● Work item
Using the entries that follow, transcribe only the lines from the line with "今回は例として、A5サイズのテンプレートをダウンロードしていきます。" to the line with "Here are the", both included, exactly as they stand and without pictures.

● Given information

------------------------------------------------------------

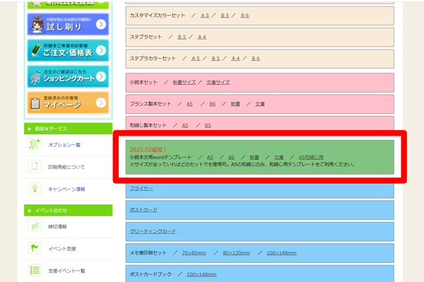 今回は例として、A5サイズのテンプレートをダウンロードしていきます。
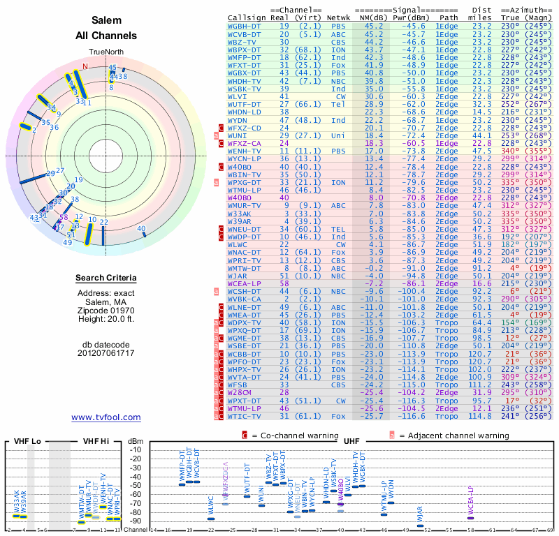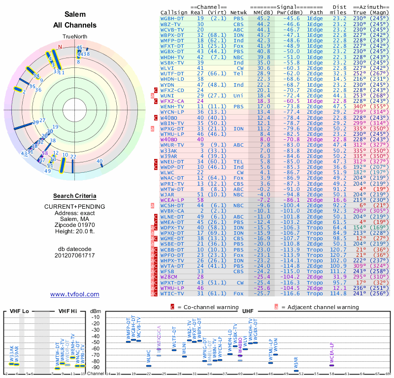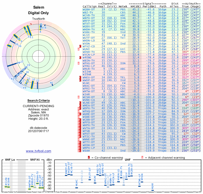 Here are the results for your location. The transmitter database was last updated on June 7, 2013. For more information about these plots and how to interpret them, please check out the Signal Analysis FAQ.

------------------------------------------------------------

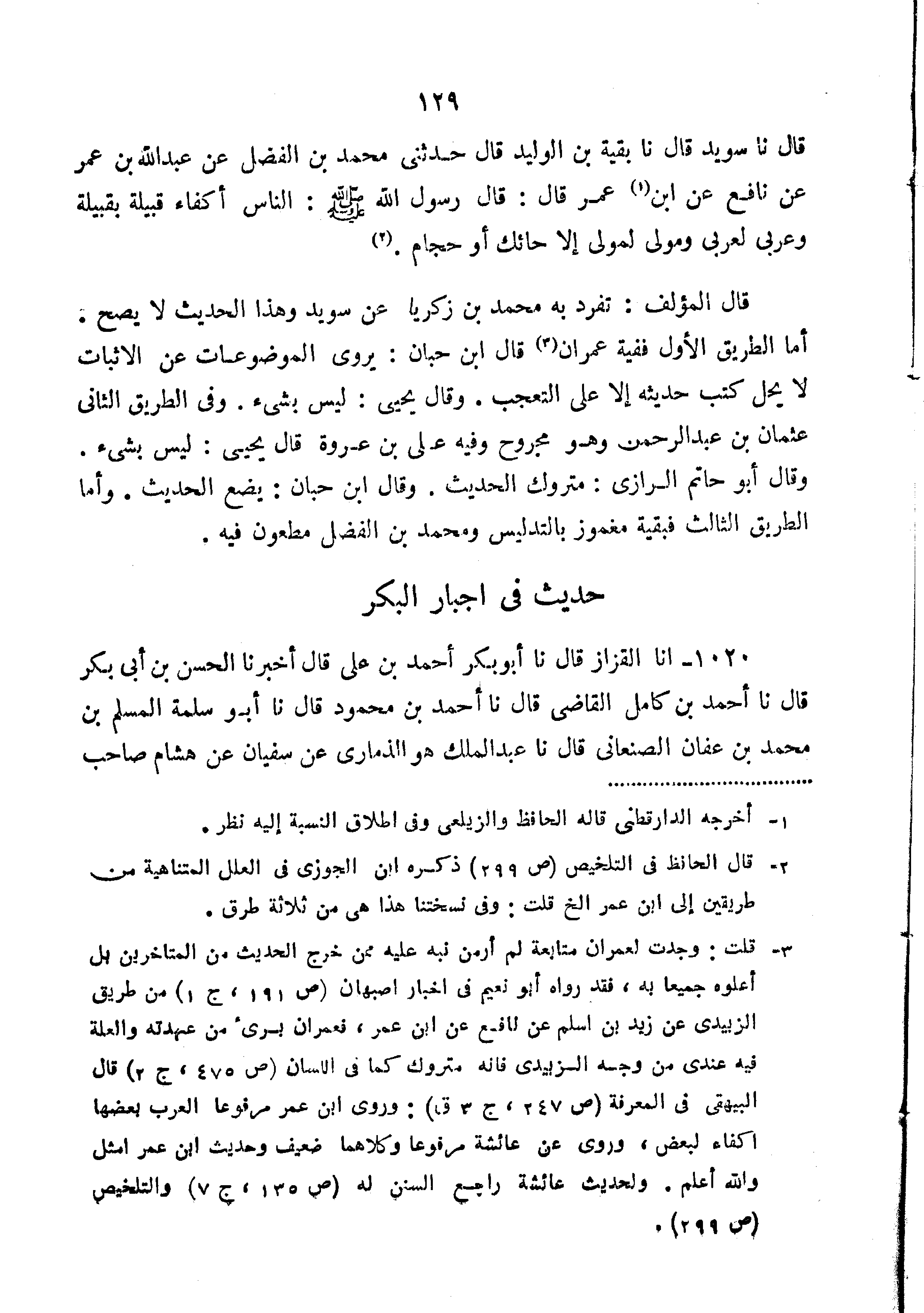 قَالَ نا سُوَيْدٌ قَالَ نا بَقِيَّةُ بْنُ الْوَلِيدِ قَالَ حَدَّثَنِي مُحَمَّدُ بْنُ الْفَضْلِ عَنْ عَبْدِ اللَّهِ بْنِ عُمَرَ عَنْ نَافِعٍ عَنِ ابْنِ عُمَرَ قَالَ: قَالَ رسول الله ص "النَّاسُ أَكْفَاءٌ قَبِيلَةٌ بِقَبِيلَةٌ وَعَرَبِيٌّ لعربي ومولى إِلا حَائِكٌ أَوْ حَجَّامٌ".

------------------------------------------------------------

● Task response
 今回は例として、A5サイズのテンプレートをダウンロードしていきます。
 Here are the results for your location. The transmitter database was last updated on June 7, 2013. For more information about these plots and how to interpret them, please check out the Signal Analysis FAQ.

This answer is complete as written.